--Ah! si fait, dit le roi, je puis vous donner un conseil...

Vanni releva le front, un rayon d'espoir passa sur son visage livide.

--Je puis, continua le roi, vous donner le conseil d'aller à bord de la Minerve, où est embarqué le duc de Calabre et sa maison, demander passage à l'amiral Caracciolo. Mais, quant à moi, bonjour, cher marquis! bon voyage!

Et le roi accompagna ce souhait d'un bruit grotesque qu'il faisait avec la bouche et qui imitait, à s'y méprendre, celui que fait le diable dont parle Dante et qui se servait de sa queue au lieu de trompette.

Quelques rires éclatèrent, malgré la gravité de la situation; quelques cris de «Vive le roi!» se firent entendre; mais ce qui fut unanime, ce fut le concert de huées et de sifflets qui accompagna le départ de Vanni.

Si peu de chance qu'il y eût dans ce conseil donné par le roi, c'était un dernier espoir. Vanni s'y cramponna et donna l'ordre de ramer vers la frégate la Minerve, qui se balançait gracieusement à l'écart de le flotte anglaise, portant à son grand mât le pavillon indiquant qu'elle avait à bord le prince royal.
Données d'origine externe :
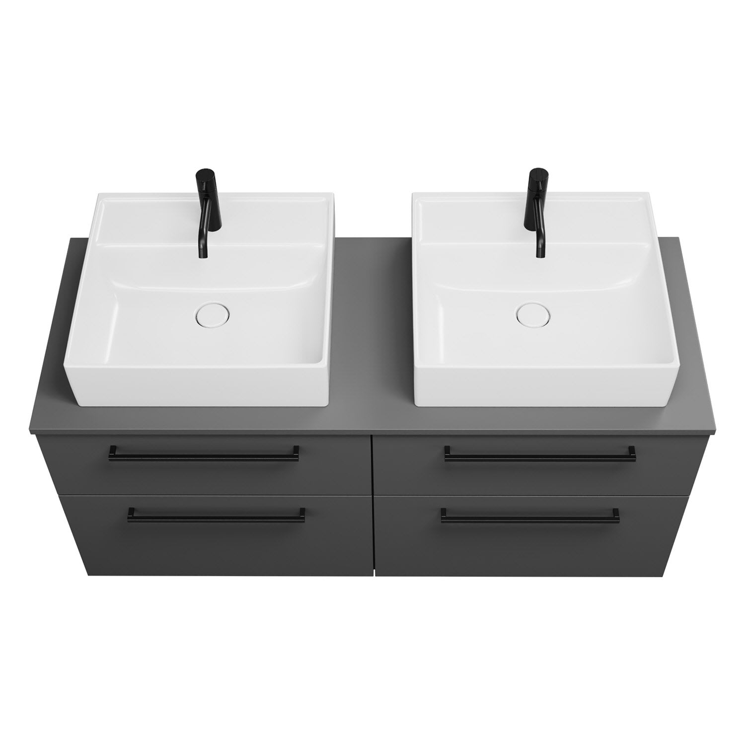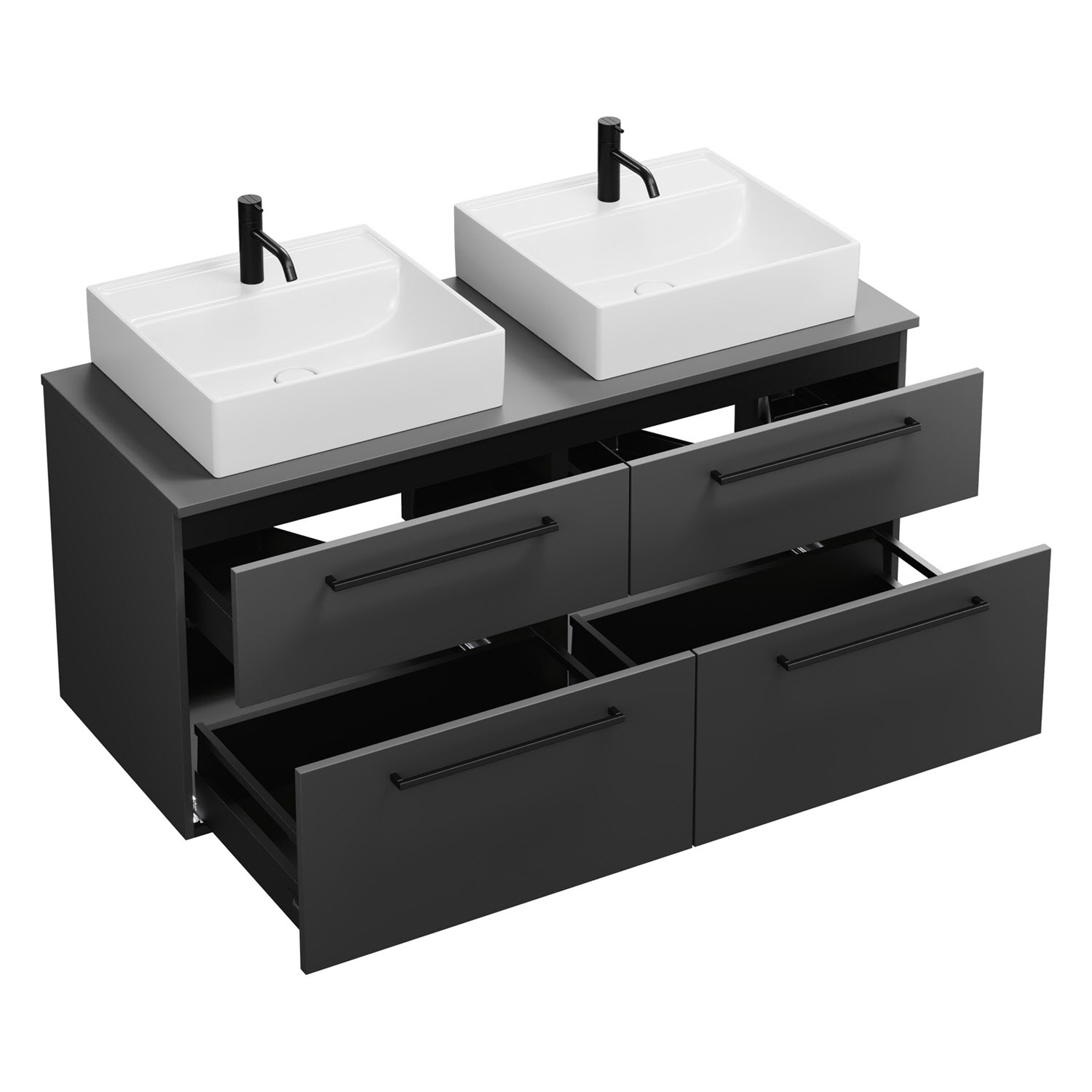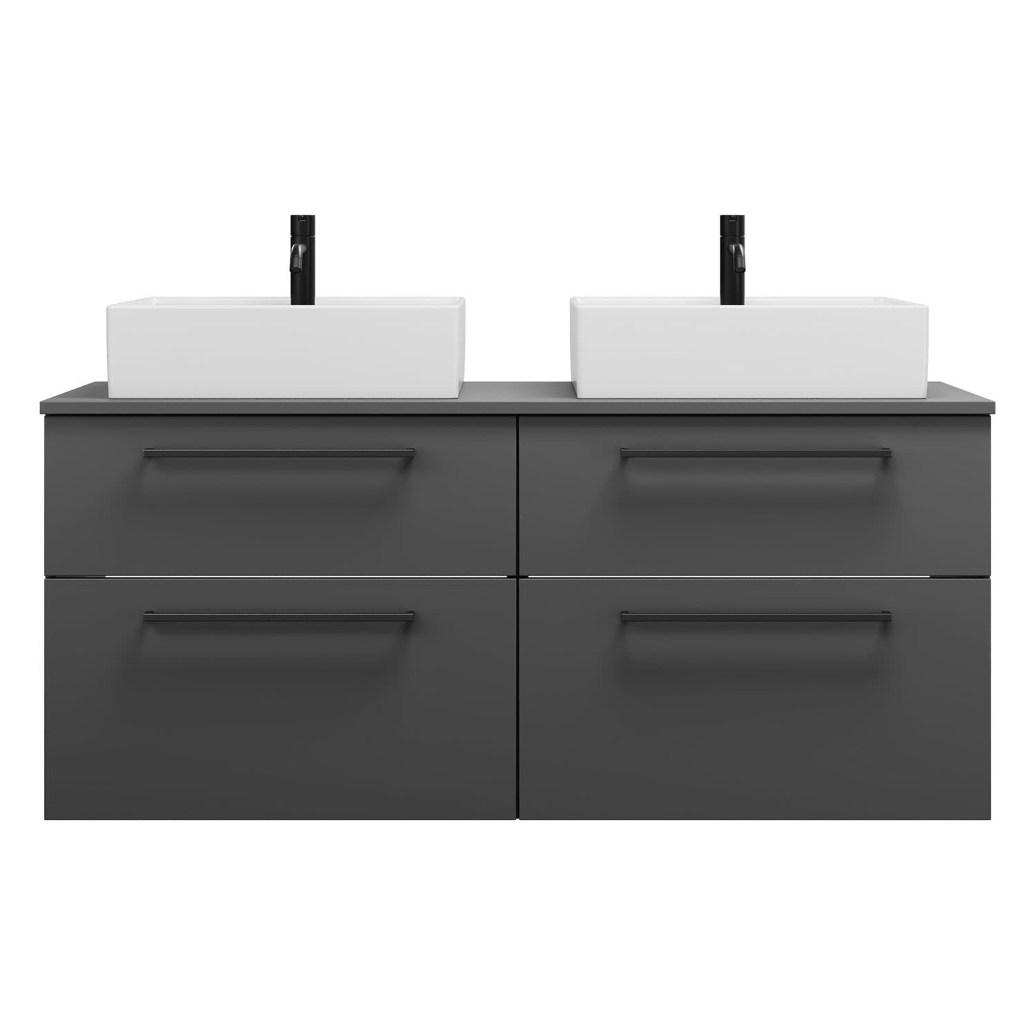 burgbad Eqio Waschtischkombination mit Keramik-Aufsatzwaschtisch 140 cm, links und rechts, mit Stangengriff G0234

Trois hommes montés sur la dunette suivaient, avec des longues-vues, la scène que nous venons de raconter. C'étaient le prince royal, l'amiral Caracciolo et le chevalier San-Felice, dont la lunette, nous devons le dire, se tournait plus souvent du côté de Mergellina, où s'élevait la maison du Palmier, que du côté de Sorrente, dans la direction de laquelle était ancré le Van-Guard.

Le prince royal vit cette barque qui, à force de rames, se dirigeait vers la Minerve, et, comme il avait vu l'homme qui la montait parler longtemps au roi, il fixa avec une attention toute particulière sa lunette sur cet homme.

Tout à coup, le reconnaissant:

--C'est le marquis Vanni, le procureur fiscal! s'écria-t-il.